In a broad sense 4’33” was Cage’s most significant work, but the notion of a dedicated piece of art with no substance does introduce some perplexing puzzles. The work debuted as a piano piece with a specified length, but Cage later said that “the work may be performed by any instrumentalist or combination of instrumentalists and last any length of time,” and indeed he produced varying scores in different notations. Can all of these be said to be the same piece?

The “In Futurum” movement for solo piano from Czech composer Erwin Schulhoff’s 1919 Fünf Pittoresken consists entirely of rests, but directs the performer to play “the entire song with as much expression and feeling as you like, always, right to the end!” (French pianist Philippe Bianconi wondered, “Should I just sit there?”) And Alphonse Allais’s 1897 Funeral March for the Obsequies of a Deaf Man, below, consists of 24 blank measures. Could an unwitting audience member distinguish either of these from Cage’s work?
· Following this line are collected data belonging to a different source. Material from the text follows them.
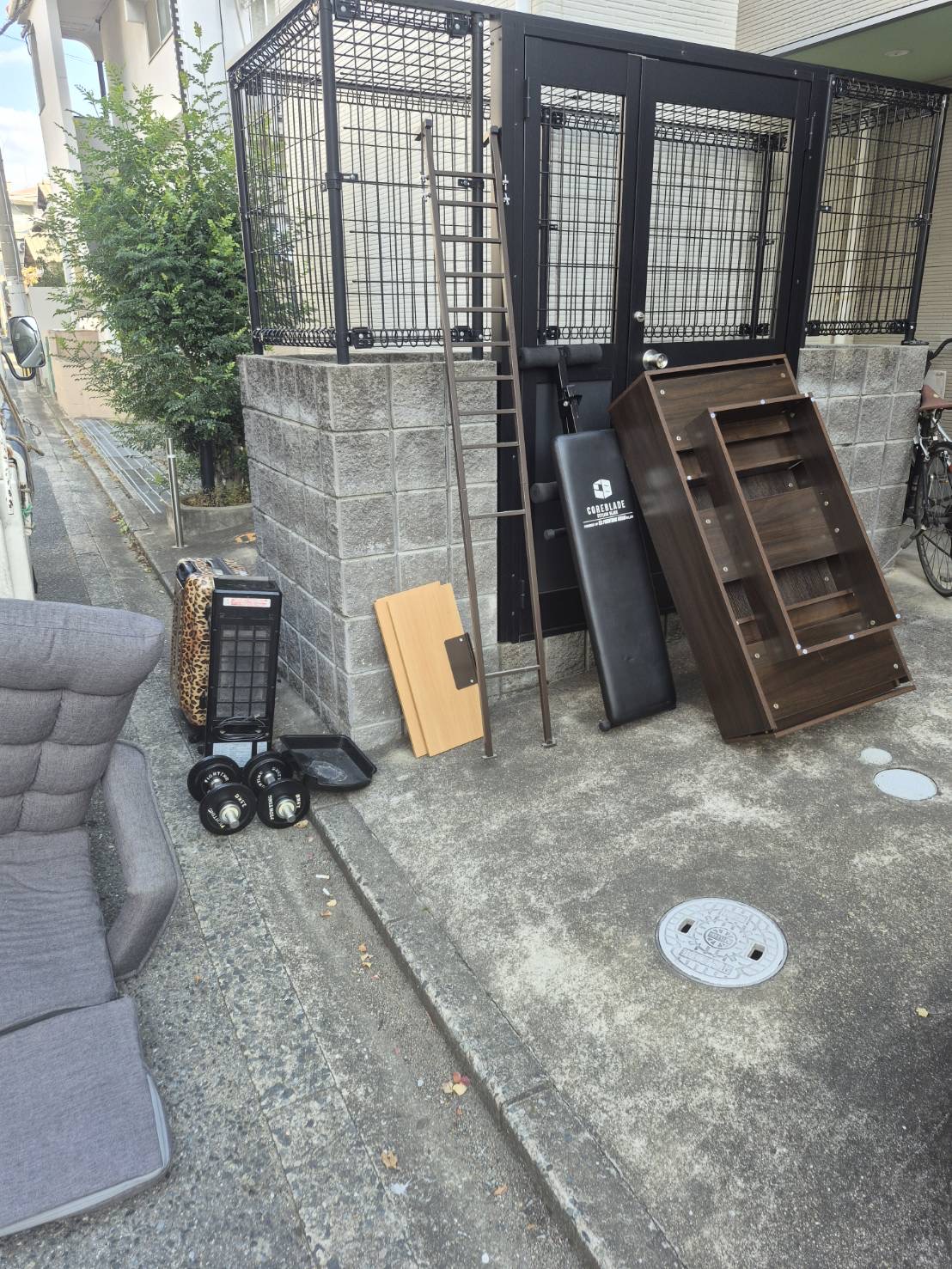 アパートの2階よりソファー、本棚、テーブル、椅子、トレーニング機など回収させていただきました!!
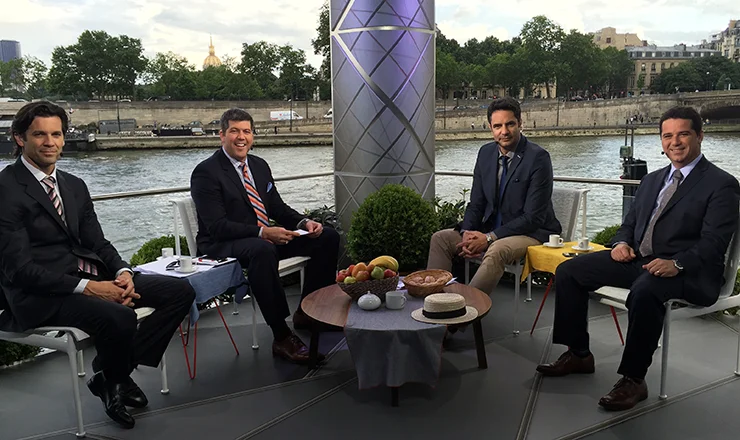 As an ESPN broadcaster for 25 years, Fernando Palomo ’95 has covered five Olympic Games, five World Cup finals, 12 UEFA Champions League finals, three European Championships and thousands of soccer games across multiple leagues around the globe. Photos provided by Fernando Palomo ’95.
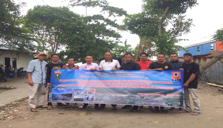 Sabtu, 26 November 2022-Departemen Teknik Kelautan Fakultas Teknik Universitas Hasanuddin bekerjasama dengan Bidang Kemaritiman Persatuan Insinyur Indonesia (PII) Cabang Makassar melakukan kegiatan “Sosialisasi Mitigasi Risiko Berbasis Keselamatan dan Kesehatan Kerja Kawasan Pariwisata Pantai Anging Mamiri di Kelurahan Tanjung Merdeka Kecamatan Tamalate Kota Makassar”. Kegiatan sosialisasi ini diikuti oleh Ketua dan anggota LPM Tanjung Merdeka, Wakil Pemerintah Kelurahan Tanjung Merdeka yang diwakili oleh Bapak Abd. Rahman (Ketua RW 05) dan Bapak J. Dg. Tantu (Ketua RT 02), perwakilan tokoh masyarakat dan organisasi kepemudaan Kelurahan Tanjung Merdeka, serta perwakilan pengelola Kawasan Wisata Pantai Anging Mamiri. Menurut Dr. Ir. Taufiqur Rachman, ST., MT., IPM., selaku koordinator kegiatan sosialisasi, minimnya rambu-rambu peringatan dini tentang Keselamatan dan Kesehatan Kerja (K3) dan bencana yang ada di kawasan wisata Pantai Anging Mamiri ini sehingga kurang mengedukasi pengunjung wisata melalui pemahaman rambu-rambu peringatan dini K3 dan bencana. Dengan adanya sosialisasi ini, diharapkan dapat meningkatkan kewaspadaan dan pemahaman pengunjung terhadap potensi kecelakaan dan bencana yang dapat terjadi di lokasi wisata, sehingga jika terjadi bencana korban dapat diminimalisir. Sosialasi tentang pentingnya pembekalan tanggap mitigasi risiko berbasis K3 dan bencana yang harus dipenuhi oleh pengelola wisata dalam pelaksanaan aktifitas wisata bahari. Tata kelola mitigasi risiko berbasis K3 di kawasan wisata Pantai Anging Mamiri ini berfokus pada masyarakat (people-centered) yang melibatkan semua pihak, seperti pelaku usaha wisata, Organisasi Perangkat Daerah (OPD) dan masyarakat lokal yang diwakili oleh Lembaga Pemberdayaan Masyarakat (TPM) Tanjung Merdeka, pengunjung wisata, dan Pemerintah Kecamatan Tamalate. Sosialisasi ini dilakukan untuk memberi pemahaman pentingnya pembekalan tanggap bencana dan mitigasi risiko keselamatan pengunjung wisata yang harus dipenuhi oleh pengelola wisata bahari, sesuai dengan UU No.1 Tahun 1970 tentang Keselamatan Kerja. Sosialisasi ini juga menegaskan pentingnya area sempadan pantai guna melindungi fasilitas kawasan wisata dan permukiman masyarakat setempat jika seandainya terjadi bencana, dengan mengacu pada UU No.11 tahun 2020 tentang Cipta Kerja dan Permen Lingkungan Hidup No. 5 tahun 2012.

A puzzle by philosopher Patricia Werhane of Loyola University of Chicago: Suppose that a pianist were engaged to perform 4’33” but had to withdraw at the last moment, and in desperation the stage manager sat in his place. Would this be a performance of Cage’s work? Would it be a musical performance?

Now more than 60 years old, Cage’s idea may still be too novel for a wide public. When BBC Radio 3 broadcast the first U.K. orchestral performance of 4’33” in 2004, the network had to turn off an emergency backup system that would have interpreted the silence as dead air — and begun playing music.